(Records contained in a dataset)
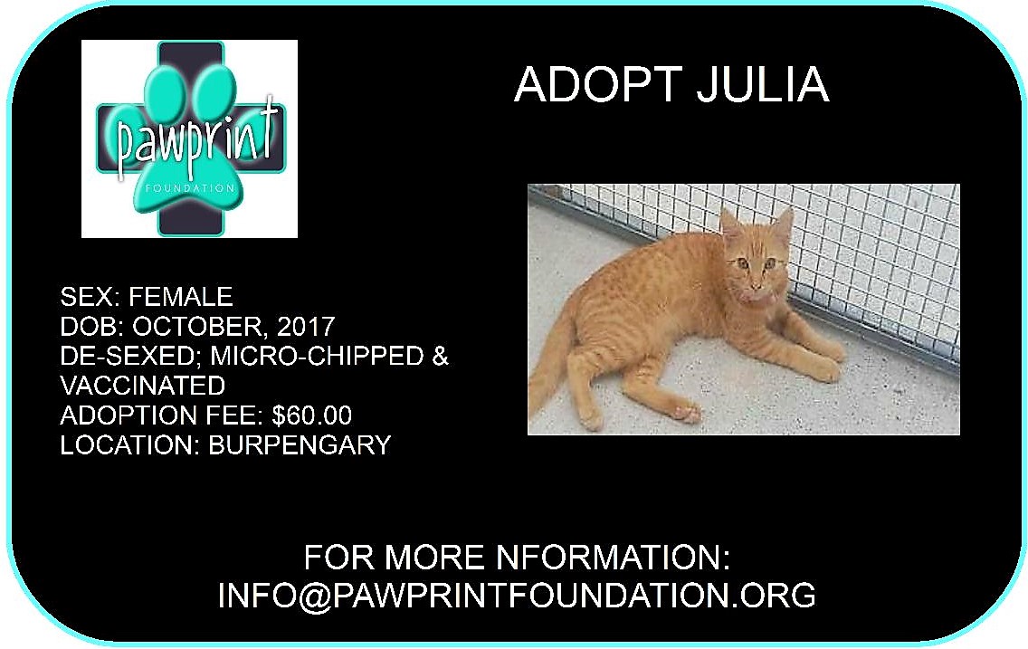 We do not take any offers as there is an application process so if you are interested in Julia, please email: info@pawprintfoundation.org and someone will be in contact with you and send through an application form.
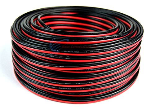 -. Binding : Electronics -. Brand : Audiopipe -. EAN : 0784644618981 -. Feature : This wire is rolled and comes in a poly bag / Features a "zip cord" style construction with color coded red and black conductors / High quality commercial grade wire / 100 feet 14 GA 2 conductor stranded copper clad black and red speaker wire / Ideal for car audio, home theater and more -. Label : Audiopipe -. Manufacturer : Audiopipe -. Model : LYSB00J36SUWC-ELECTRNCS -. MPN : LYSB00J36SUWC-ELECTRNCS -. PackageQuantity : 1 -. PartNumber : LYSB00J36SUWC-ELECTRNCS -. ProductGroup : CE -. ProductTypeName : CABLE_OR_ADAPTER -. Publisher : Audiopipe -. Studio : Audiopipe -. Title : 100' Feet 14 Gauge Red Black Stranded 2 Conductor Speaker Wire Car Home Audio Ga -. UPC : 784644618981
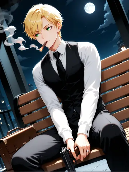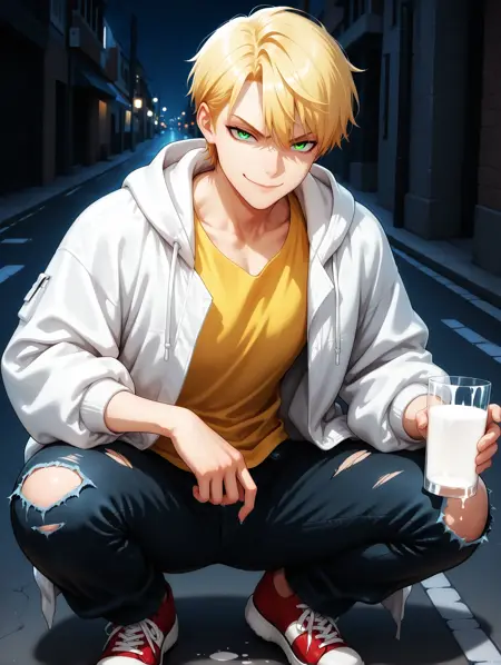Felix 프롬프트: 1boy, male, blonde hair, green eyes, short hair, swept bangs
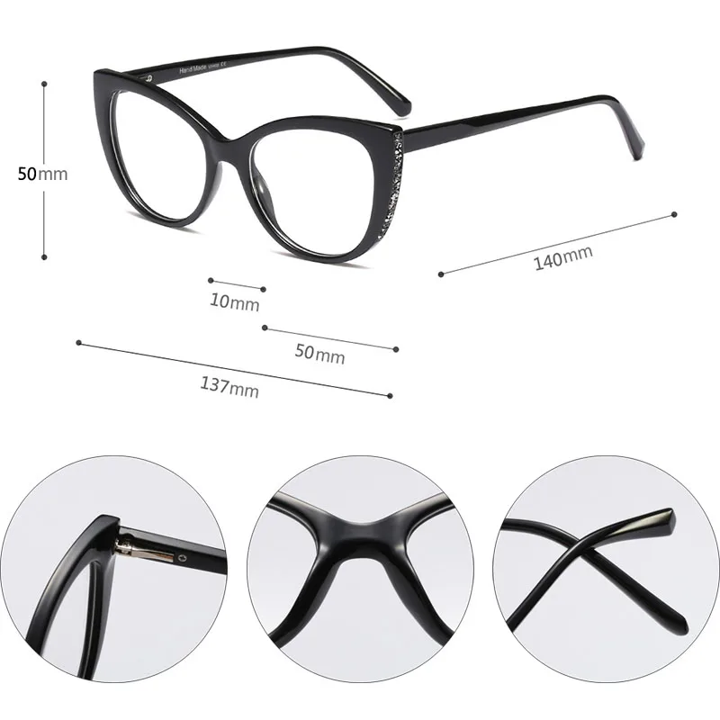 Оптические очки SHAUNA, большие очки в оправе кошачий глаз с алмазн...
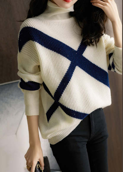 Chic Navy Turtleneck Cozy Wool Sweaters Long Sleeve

◆ Required work ◆
Find the line containing "-. Binding : Electronics" in the records above, then copy it and every line after it exactly, through the last one, without any pictures.

◆ Exercise answer ◆
 -. Binding : Electronics -. Brand : Audiopipe -. EAN : 0784644618981 -. Feature : This wire is rolled and comes in a poly bag / Features a "zip cord" style construction with color coded red and black conductors / High quality commercial grade wire / 100 feet 14 GA 2 conductor stranded copper clad black and red speaker wire / Ideal for car audio, home theater and more -. Label : Audiopipe -. Manufacturer : Audiopipe -. Model : LYSB00J36SUWC-ELECTRNCS -. MPN : LYSB00J36SUWC-ELECTRNCS -. PackageQuantity : 1 -. PartNumber : LYSB00J36SUWC-ELECTRNCS -. ProductGroup : CE -. ProductTypeName : CABLE_OR_ADAPTER -. Publisher : Audiopipe -. Studio : Audiopipe -. Title : 100' Feet 14 Gauge Red Black Stranded 2 Conductor Speaker Wire Car Home Audio Ga -. UPC : 784644618981
Felix 프롬프트: 1boy, male, blonde hair, green eyes, short hair, swept bangs
 Оптические очки SHAUNA, большие очки в оправе кошачий глаз с алмазн...
 Chic Navy Turtleneck Cozy Wool Sweaters Long Sleeve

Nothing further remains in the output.